The best of the Korean films was probably Kim Ki-duk’s Venice champion 3-iron. Prolific filmmakers are always going to have their ups and downs, and while I find Kim’s work more miss than hit it’s hard to dislike this quiet story about a drifter and an abused housewife carving out a functional love in extraordinary circumstances. Not unlike Yi Yi, Kim investigates dimensions of the 180° of space behind us that we don’t usually think about or notice. When the male lead (Jae Hee) is inserted into this patently visible but subjectively obscured space, it seems to represent and embrace the crack in society he occupies. Not explicitly a comedy, a great deal of amusement is caused through the clueless behaviour of the supporting cast who fail to perceive what is going on behind them. With basic editing patterns that adjoin optical point-of-view with objective shots, Kim unobtrusively depicts spatial relations and supplies confidence that his command of a minimalist style is ripening. Far more specific as an auteurist work than Spring, Summer, Fall, Winter … and Spring, this will hopefully attract local audiences when it opens here next year.

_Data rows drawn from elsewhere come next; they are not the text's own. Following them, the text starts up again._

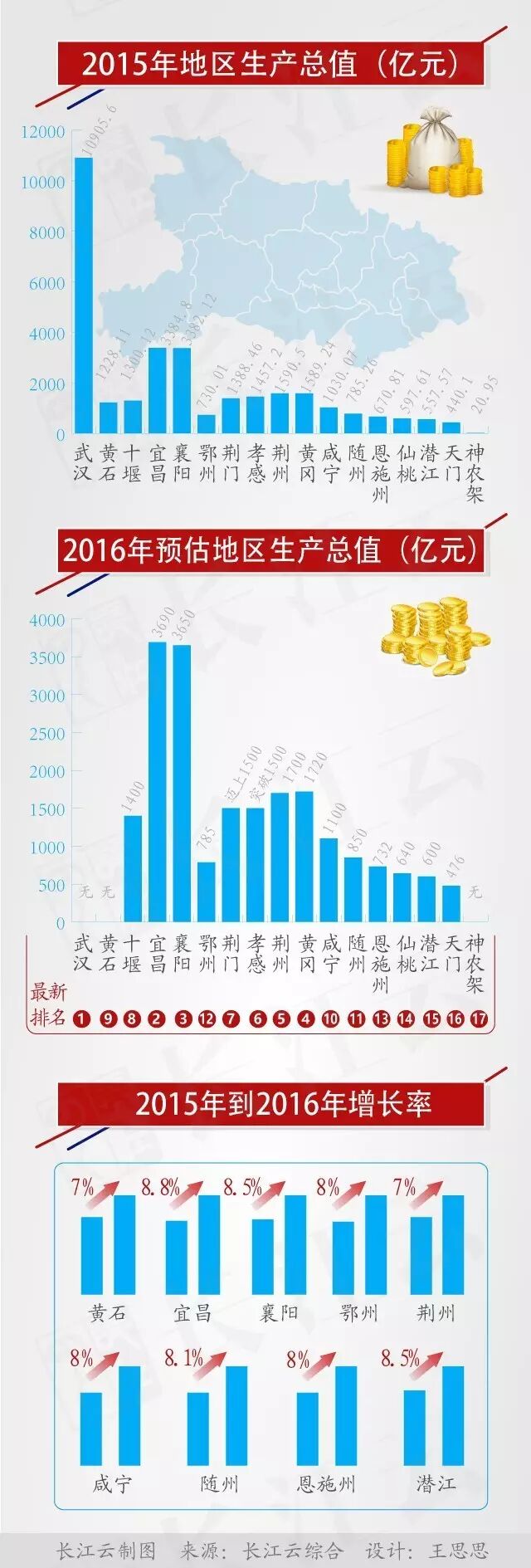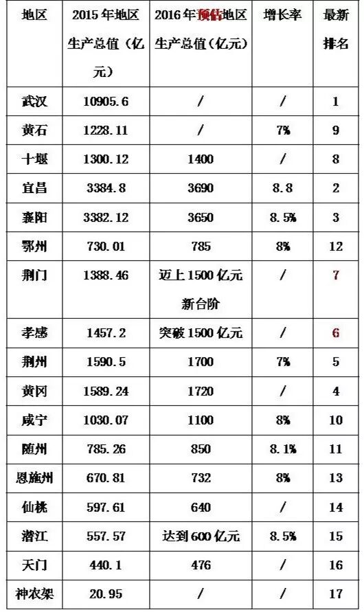 2015年地区生产总值一栏数据来源是湖北省统计局公布的《2016年湖北年鉴》,2016年预估地区生产总值以及增长率则来自于各地《政府工作报告》。有的地方同时公布了地区生产总值和增长率,有的地方则只公布了一项。
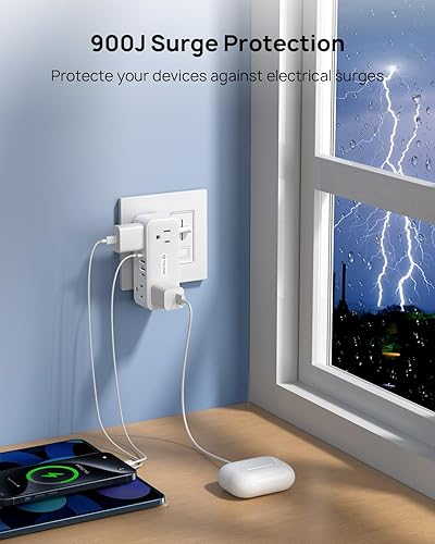 10-IN-1 Multi Plug Outlet Extender: With 6 AC Outlets, 2 USB-C Ports and 2 USB-A Ports on 3 different sides, this rotating outlet splitter allows you to power up to 10 devices simultaneously, great for plugging in your laptop, phone, watch, lamps, or other electric devices
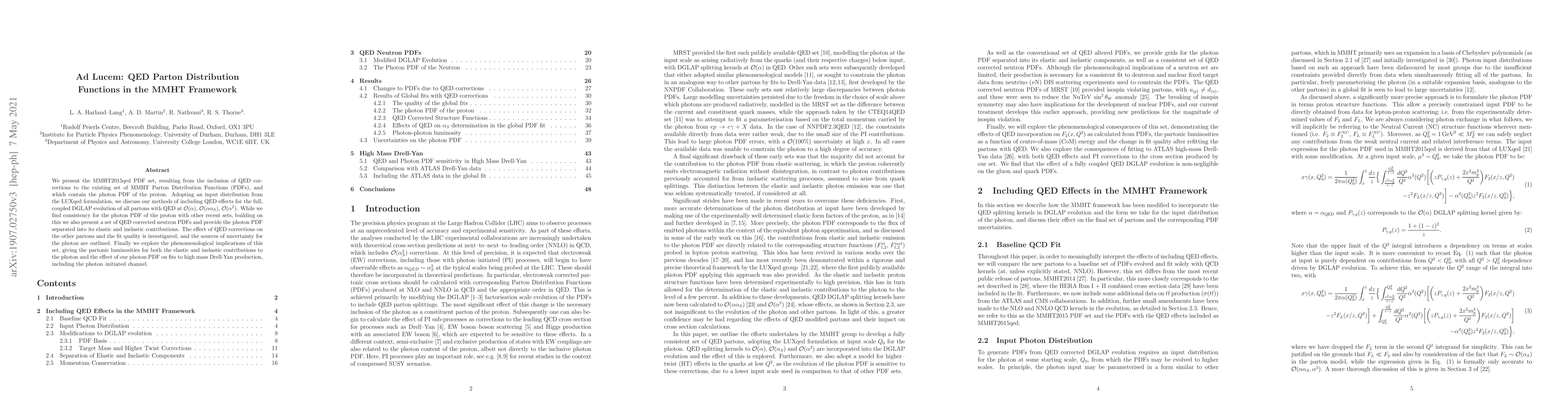 The MMHT2015qed PDF set includes QED corrections to proton parton distribution functions, providing improved consistency for the photon PDF and new insights into its elastic and inelastic contributions.
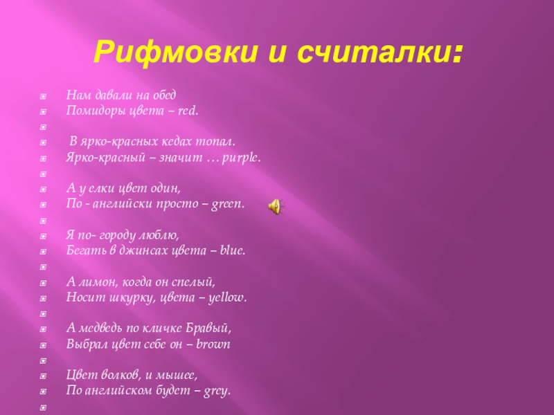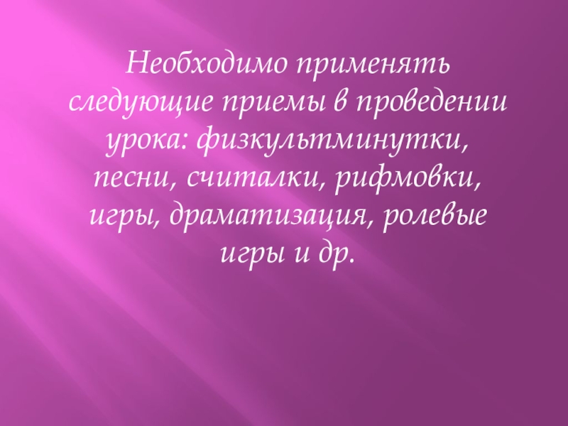 Слайд 9Необходимо применять следующие приемы в проведении урока: физкультминутки, песни, считалки, рифмовки,

Aside from 3-Iron, Old Boy and Hong Sang-soo’s Woman is the Future of Man, the other work from an internationally renowned Korean filmmaker at PIFF was Im Kwon-taek’s Low Life (aka Raging Years). I quite liked this historical rags-to-riches-to-downfall epic that others have found conventional and unsuccessful in terms of Im’s recent reputation as the foremost purveyor of Korean cultural identity. Weak at the finish, it’s nevertheless a fairly compelling drama that pushes the boundaries of audience sympathy for its characters. Tae-woong (Cho Seung-woo) is a ruthless gangster with few redeeming qualities, but unlike others living through the politically and socially turbulent era the film depicts (1958-1972), he dangerously remains ideologically uncommitted. Ultimately he is no more or less happy or safe than the others around him who manipulate their beliefs in relation to the system that governs them, clearly demonstrating the ‘human misery’ (as the catalogue has it) and class condemnation of non-elites. Low Life is too male-centered for its own good, glorifying brutal gangster culture and often positioning important women (Tae-woong’s ‘sister’ then wife, the head of the KCIA’s wife) at the periphery of its action, but it’s an interesting project in light of Im’s more overtly nationalist projects.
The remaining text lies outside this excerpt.